Puppeteer Joan Baixas paints with mud on a big illuminated translucent screen. Images appear and are erased, combined with slide projections, a process of actions centred on the earth. Avoiding narration, Baixas uses his whole body to tackle a new form of dramaturgy, based on a pictorial language. Splashes, scrawls, light and dark, line and erasure, abstract, symbolic, figurative and geometrical images are the characters in this choreographed drama.
Italy’s Girovago et Rondella Family Theatre’s Manoviva portrays the five-finger puppet, composed of five elements — a head, two hands and two feet. The two-act show uses no words to narrate the story. The first act transports the viewers to the circus with the jugglery and acrobatics; while the second act is made up of short stories, using no words but a universal language through symbols. At the end of the show, the audience gets a unique opportunity to interact with the puppet themselves.
Two other Indian shows, Hamara Circus, and The Little Prince.
Directed and designed by Mohammed Shameem, Hamara Circus extracts the essence of day-to-day family life in the form of string theatre. Little Prince, directed by the revolutionary face of the contemporary Indian theatre, Arvind Gaur, has actress Rashi Bunny on stage.
Antoine De Saint Exupery’s The Little Prince is a world classic that views the whole panorama of life from a child’s perspective: that is to say, with innocence, sensitivity, honesty and non judgment. “Little Prince It is only with the heart that one can see rightly; what is essential is invisible to the eye. With him we shall arrive to the place… we truly belong. And if one fails to instantly see that spot, do not worry, just believe in him and hear him say,” says Gaur.
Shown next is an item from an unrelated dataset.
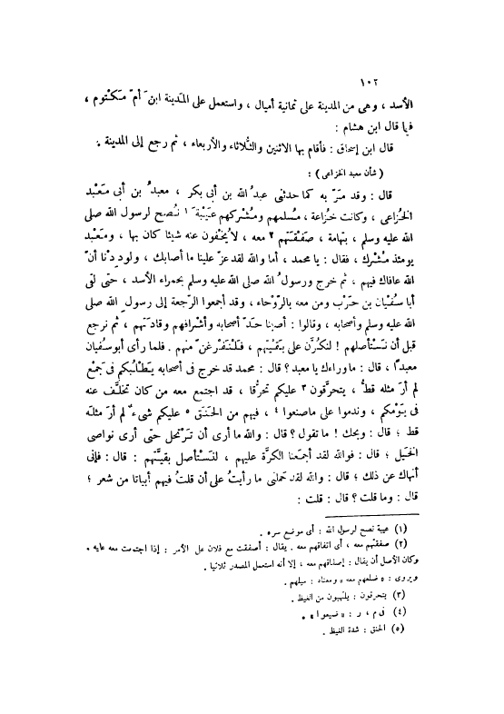 قَالَ: وَقَدْ مَرَّ بِهِ كَمَا حَدَّثَنِي عَبْدُ اللَّهِ بْنُ أَبِي بَكْرٍ، مَعْبَدُ بْنُ أَبِي مَعْبَدٍ الْخُزَاعِيُّ، وَكَانَتْ خُزَاعَةُ، مُسْلِمُهُمْ وَمُشْرِكُهُمْ عَيْبَةَ [1] نُصْحٍ لِرَسُولِ اللَّهِ صَلَّى اللهُ عَلَيْهِ وَسَلَّمَ، بِتِهَامَةَ، صَفْقَتُهُمْ [2] مَعَهُ، لَا يُخْفُونَ عَنْهُ شَيْئًا كَانَ بِهَا، وَمَعْبَدٌ يَوْمَئِذٍ مُشْرِكٌ، فَقَالَ: يَا مُحَمَّدُ، أَمَا وَاَللَّهِ لَقَدْ عَزَّ عَلَيْنَا مَا أَصَابَكَ، وَلَوَدِدْنَا أَنَّ اللَّهَ عَافَاكَ فِيهِمْ، ثُمَّ خَرَجَ وَرَسُولُ اللَّهِ صَلَّى اللهُ عَلَيْهِ وَسَلَّمَ بِحَمْرَاءِ الْأَسَدِ، حَتَّى لَقِيَ أَبَا سُفْيَانَ بْنَ حَرْبٍ وَمَنْ مَعَهُ بِالرَّوْحَاءِ، وَقَدْ أَجْمَعُوا الرَّجْعَةَ إلَى رَسُولِ اللَّهِ صَلَّى اللهُ عَلَيْهِ وَسَلَّمَ وَأَصْحَابِهِ، وَقَالُوا: أَصَبْنَا حَدَّ أَصْحَابِهِ وَأَشْرَافَهُمْ وَقَادَتَهُمْ، ثُمَّ نَرْجِعُ قَبْلَ أَنْ نَسْتَأْصِلَهُمْ! لَنَكُرَنَّ عَلَى بَقِيَّتِهِمْ، فَلَنَفْرُغَنَّ مِنْهُمْ. فَلَمَّا رَأَى أَبُو سُفْيَانَ مَعْبَدًا، قَالَ: مَا وَرَاءَكَ يَا مَعْبَدُ؟ قَالَ: مُحَمَّدٌ قَدْ خَرَجَ فِي أَصْحَابِهِ يَطْلُبُكُمْ فِي جَمْعٍ لَمْ أَرَ مِثْلَهُ قَطُّ، يَتَحَرَّقُونَ [3] عَلَيْكُمْ تَحَرُّقًا، قَدْ اجْتَمَعَ مَعَهُ مَنْ كَانَ تَخَلَّفَ عَنْهُ فِي يَوْمِكُمْ، وَنَدِمُوا عَلَى مَا صَنَعُوا [4] ، فِيهِمْ مِنْ الْحَنَقِ [5] عَلَيْكُمْ شَيْءٌ لَمْ أَرَ مِثْلَهُ قَطُّ، قَالَ: وَيْحكَ! مَا تَقُولُ؟ قَالَ: وَاَللَّهِ مَا أَرَى أَنْ تَرْتَحِلَ حَتَّى أَرَى نَوَاصِيَ الْخَيل، قَالَ: فو الله لَقَدْ أَجْمَعْنَا الْكَرَّةَ عَلَيْهِمْ، لِنَسْتَأْصِلَ بَقِيَّتَهُمْ: قَالَ: فَإِنِّي أَنْهَاكَ عَنْ ذَلِكَ، قَالَ: وَاَللَّهِ لَقَدْ حَمَلَنِي مَا رَأَيْتُ عَلَى أَنْ قُلْتُ فِيهِمْ أَبْيَاتًا مِنْ شِعْرٍ، قَالَ: وَمَا قُلْتُ؟ قَالَ: قُلْتُ:

ANOTHER ATTRACTION of the festival is a three-day workshop by world famous puppeteer Joan Baixas Arias from Spain at the IHC, beginning February 9. The workshop “Smile-Worldmap”, directed by Baixas in collaboration with Nico Baixas, is an open-format work that can be adapted to the location and the participants. Smile-Worldmap is an introductory workshop on visual theatre, aimed at students and artists interested in the fusion of the rhetoric and grammar of artistic languages. It is a course on the practice and analysis of the resources and tools necessary for the creation of scenes with bodies, images and objects and how to present them to the public. Baixas plans to conduct this workshop in atleast five cities across India, and connect all the identified artistes for new experiments.
But the real delight is the Ishara has opened almost all shows for children as well. What needs to be highlighted is the struggle Pudumjee faces each year for raising sponsorship for the international festival. This annual event of puppets has emerged as a platform for contemporary puppeteers all over the world. Hats off to the spirit and struggle of the Ishara group.